*** RECORD EXCERPTS ***

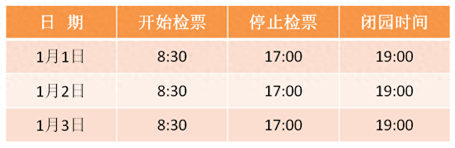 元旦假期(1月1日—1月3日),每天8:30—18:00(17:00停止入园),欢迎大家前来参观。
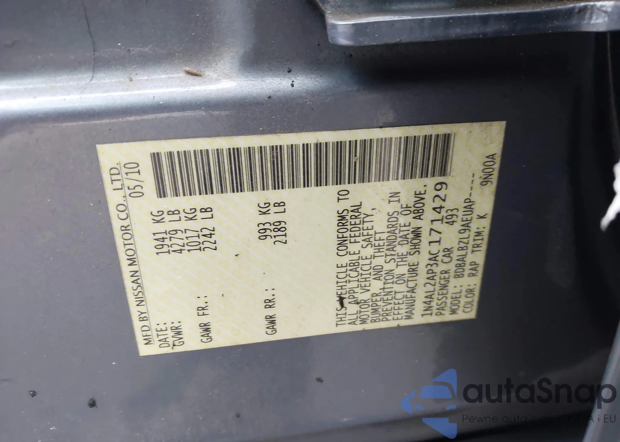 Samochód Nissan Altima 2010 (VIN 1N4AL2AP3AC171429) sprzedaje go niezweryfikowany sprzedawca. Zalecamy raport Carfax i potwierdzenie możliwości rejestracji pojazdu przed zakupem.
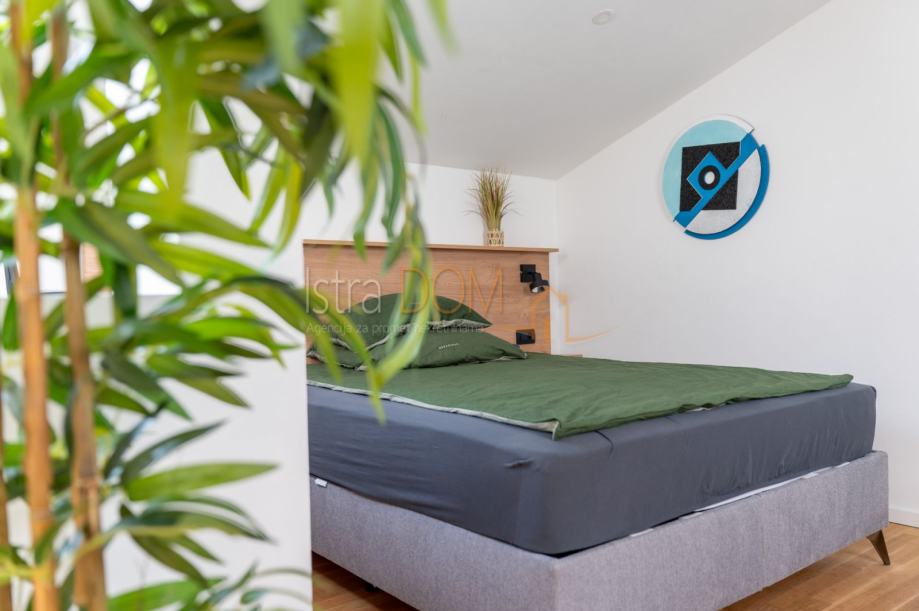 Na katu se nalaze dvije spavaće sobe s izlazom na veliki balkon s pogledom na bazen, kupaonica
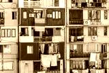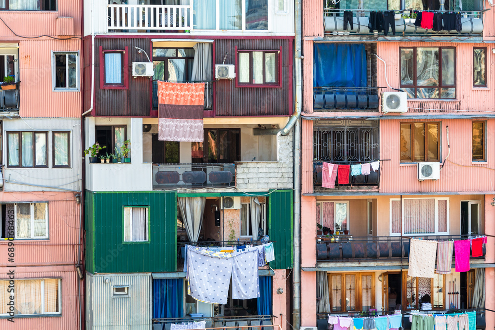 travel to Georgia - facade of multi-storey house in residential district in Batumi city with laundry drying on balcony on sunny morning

*** End of RECORD EXCERPTS ***
*** RECORD EXCERPTS ***

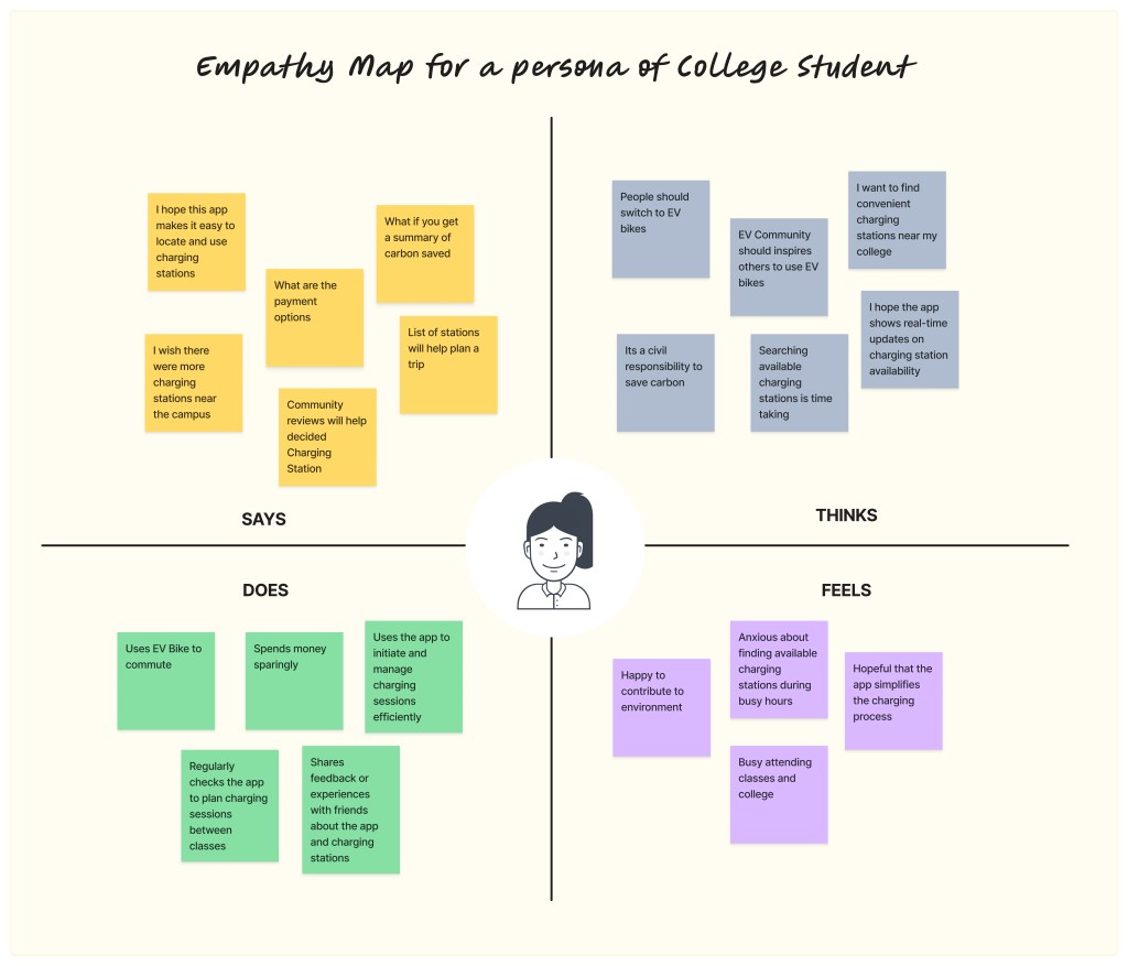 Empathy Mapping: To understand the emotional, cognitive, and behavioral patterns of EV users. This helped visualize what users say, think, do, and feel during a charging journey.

*** End of RECORD EXCERPTS ***

[ABOUT THIS EXERCISE]: Using the data above, set down each line from the line with "Samochód Nissan Altima" to the line with "Na katu se nalaze" exactly, both ends included, and leave the pictures behind. Nothing else belongs.

[SOLUTION TO THIS PROBLEM]:
 Samochód Nissan Altima 2010 (VIN 1N4AL2AP3AC171429) sprzedaje go niezweryfikowany sprzedawca. Zalecamy raport Carfax i potwierdzenie możliwości rejestracji pojazdu przed zakupem.
 Na katu se nalaze dvije spavaće sobe s izlazom na veliki balkon s pogledom na bazen, kupaonica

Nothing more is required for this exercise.